==== Provided information ====
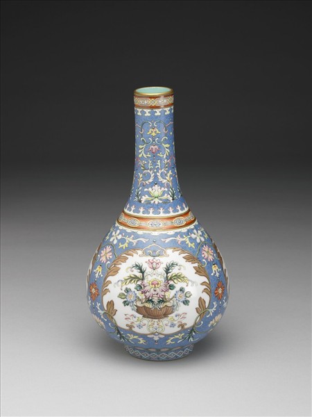 膽瓶小口,長頸,腹垂如膽,故名。通體以翠藍為地,上錐刻卷草紋,餘隙彩繪洋花。口沿、肩處深淺橘紅地上繪飾連環朵花紋,底邊則畫粉色蓮瓣一圈。器腹三開光各以如意串連,開光則以菊葉紋繞圈為飾,其上各繪如意連圈紋,開光內各繪西洋藍花,內飾三色洋菊花卉。器內頸及底部均施湖綠色釉,底部藍料書「乾隆年製」四字篆款,外加雙框。
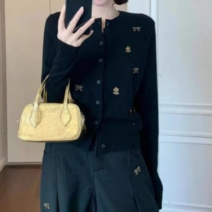【店铺热销】高级感气质黑色蝴蝶结针织开衫外套法式复古上衣女长
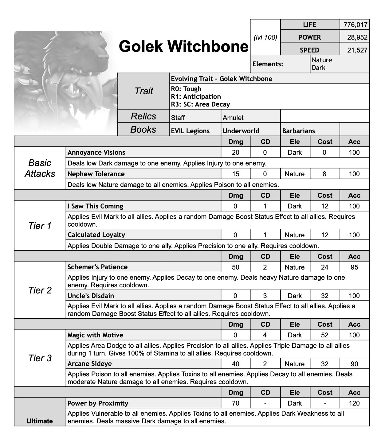 Golek Witchbone is Zneaky Widezmirk's uncle. He doesn't exactly like his nephew, though. In fact, he can't stand how annoying he is, but here's the thing: In one of his magic rituals, Golek had a vision in which he saw that Zneaky would accidentally become the next leader of the Barbarians, so he rallied to his nephew's side, not to support him, but because he desperately wants Weirdika's job as the main magician in the faction.\n
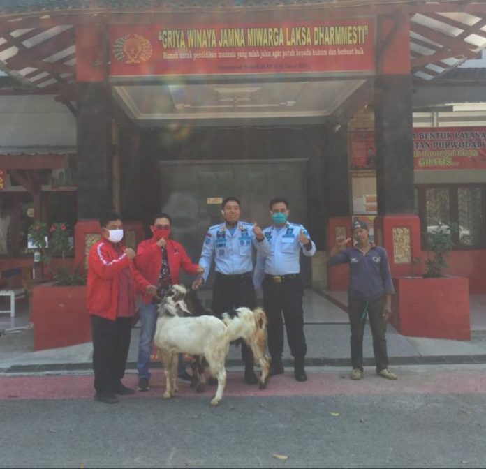 Kabupaten Grobogan – DPC PDI Perjuangan Grobogan menyerahkan hewan kurban berupa 2 ekor kambing ke Rutan (Rumah Tahanan) Kab.Grobogan, untuk selanjutnya dibagikan kepada warga binaan yang ada di dalamnya, Kamis (30/7/2020).
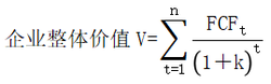 式中,V表示目標(biāo)公司價值;FCF表示目標(biāo)公司自由現(xiàn)金流量;k表示折現(xiàn)率;t表示期限;n表示折現(xiàn)期。
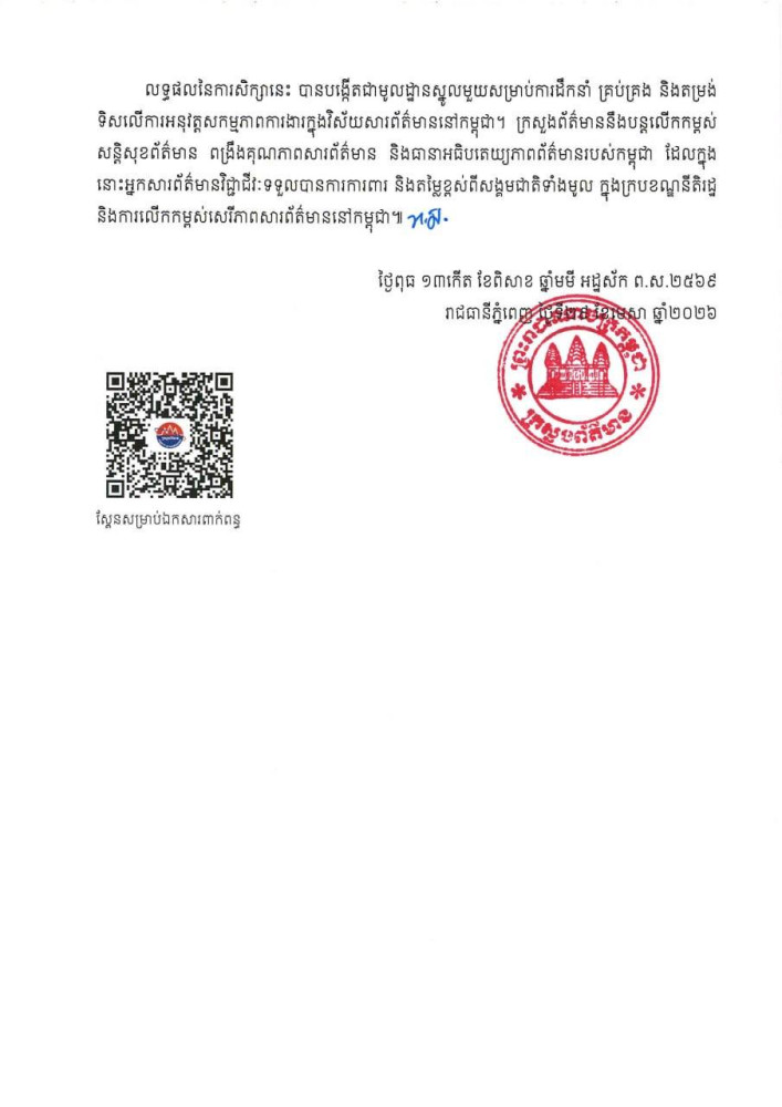 សេចក្តីប្រកាសព័ត៌មាន ស្តីពីការផ្សព្វផ្សាយរបាយការណ៍ «ស្ថានភាពសេរីភាពសារព័ត៌មាននៅកម្ពុជា ឆ្នាំ២០២៦»
====
### Task instructions
Output the whole listing exactly. Pictures stay out.

### Result of the exercise
 膽瓶小口,長頸,腹垂如膽,故名。通體以翠藍為地,上錐刻卷草紋,餘隙彩繪洋花。口沿、肩處深淺橘紅地上繪飾連環朵花紋,底邊則畫粉色蓮瓣一圈。器腹三開光各以如意串連,開光則以菊葉紋繞圈為飾,其上各繪如意連圈紋,開光內各繪西洋藍花,內飾三色洋菊花卉。器內頸及底部均施湖綠色釉,底部藍料書「乾隆年製」四字篆款,外加雙框。
【店铺热销】高级感气质黑色蝴蝶结针织开衫外套法式复古上衣女长
 Golek Witchbone is Zneaky Widezmirk's uncle. He doesn't exactly like his nephew, though. In fact, he can't stand how annoying he is, but here's the thing: In one of his magic rituals, Golek had a vision in which he saw that Zneaky would accidentally become the next leader of the Barbarians, so he rallied to his nephew's side, not to support him, but because he desperately wants Weirdika's job as the main magician in the faction.\n
 Kabupaten Grobogan – DPC PDI Perjuangan Grobogan menyerahkan hewan kurban berupa 2 ekor kambing ke Rutan (Rumah Tahanan) Kab.Grobogan, untuk selanjutnya dibagikan kepada warga binaan yang ada di dalamnya, Kamis (30/7/2020).
 式中,V表示目標(biāo)公司價值;FCF表示目標(biāo)公司自由現(xiàn)金流量;k表示折現(xiàn)率;t表示期限;n表示折現(xiàn)期。
 សេចក្តីប្រកាសព័ត៌មាន ស្តីពីការផ្សព្វផ្សាយរបាយការណ៍ «ស្ថានភាពសេរីភាពសារព័ត៌មាននៅកម្ពុជា ឆ្នាំ២០២៦»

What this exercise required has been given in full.